Genetic Engineering News
Volume 18, Number 1
January 1, 1998
p.1

Advances in Tissue Engineering Products
The Field Is Evolving, with Companies at Various Phases of Development
Douglas Steinberg
©1998 MaryAnn Liebert, Inc. publishers

Click here to go directly to the portion of the article which references PPTI.

Tissue engineering appears to have finally hit its stride as a viable area of business 10 years after the National Science Foundation began touting it as a hybrid of biology and engineering aimed at restoring, maintaining and improving tissue functions.
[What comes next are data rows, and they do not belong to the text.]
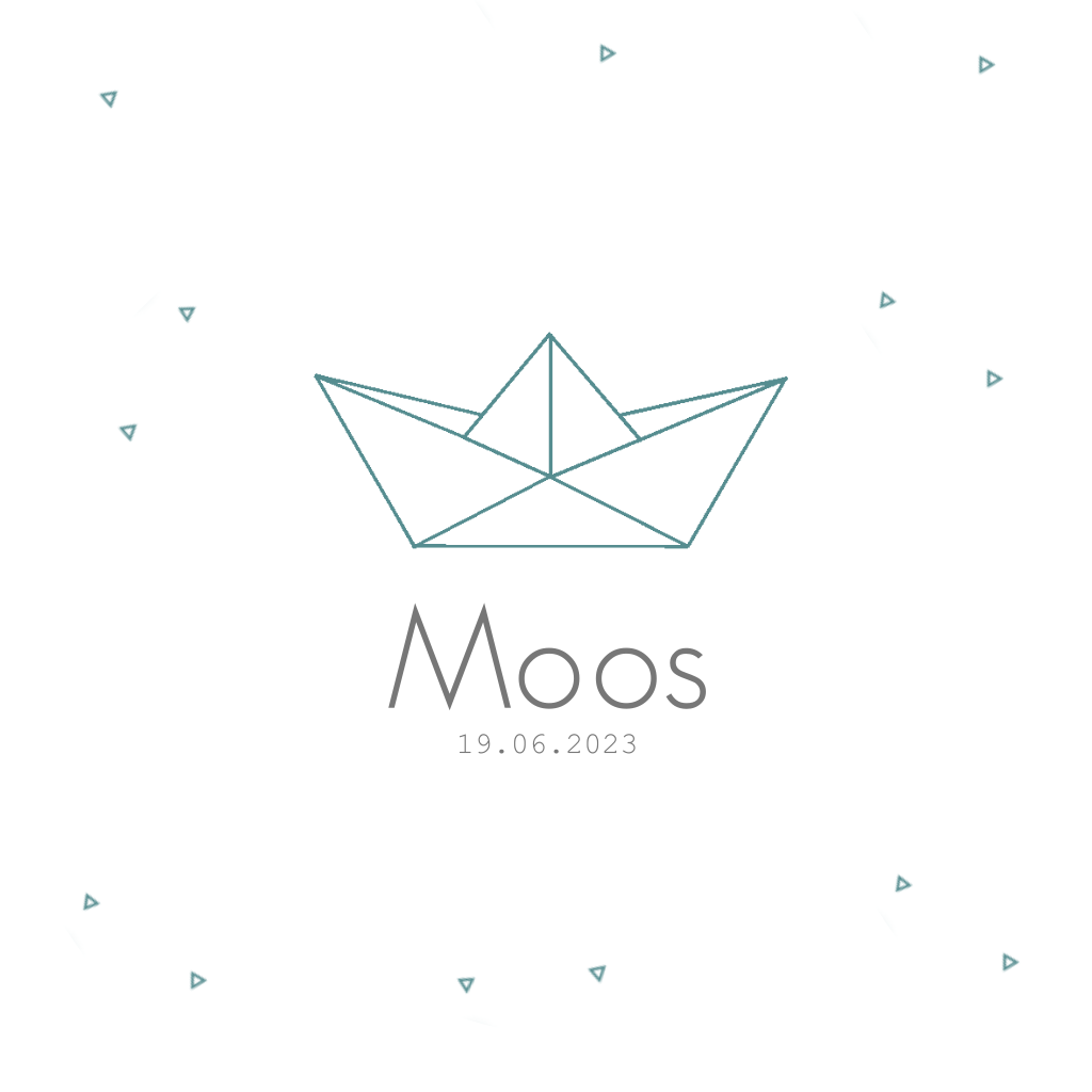 Hip en geometrisch geboortekaartje met origami bootje en driehoekjes in trend kleur. (3706)
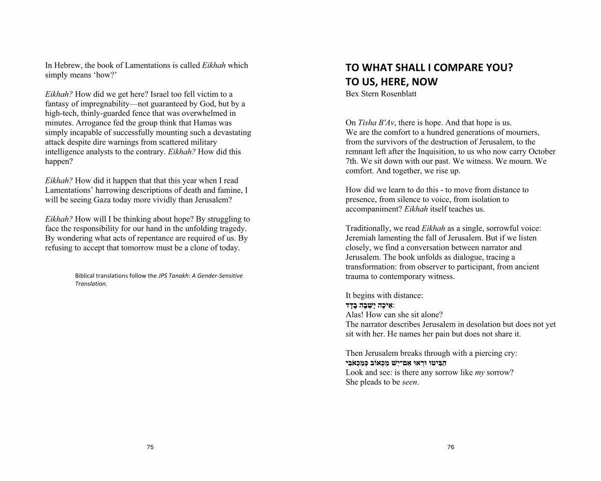 Eikhah? How did it happen that that this year when I read Lamentations’ harrowing descriptions of death and famine, I will be seeing Gaza today more vividly than Jerusalem?
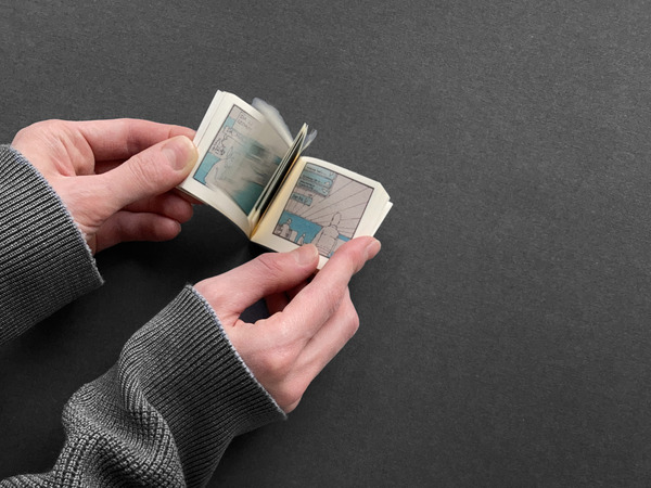 Потом я взяла флипбук. В нем не было текста, а нарратив представлял собой ускоренно показанный переходный этап жизни героини. После насыщенных книжных полос это дало возможность сделать передышку, а также заглянуть в будущее девушки, где произошли значительные изменения. Появились персонажи, которых ранее не было. Я поняла, что в одном из следующих форматов увижу последствия этих изменений более подробно. Так и произошло, когда я взяла в руки газету и увидела героиню на фоне яркого летнего пригорода.

Companies in this field are now at various phases of product development, and a few firms are successfully marketing their wares.

Yet, in its reliance on emerging technologies, the tissue engineering field "is more evolving than maturing," says Elise T. Wang, a biotech analyst at Paine Webber Inc. (New York City). "The trend is to go toward biologics [traditionally, blood-derived for blood-borne products] and toward the fundamentals as to why these wounds developed in the first place and how you can repair them by regenerating tissue in the natural way," she adds.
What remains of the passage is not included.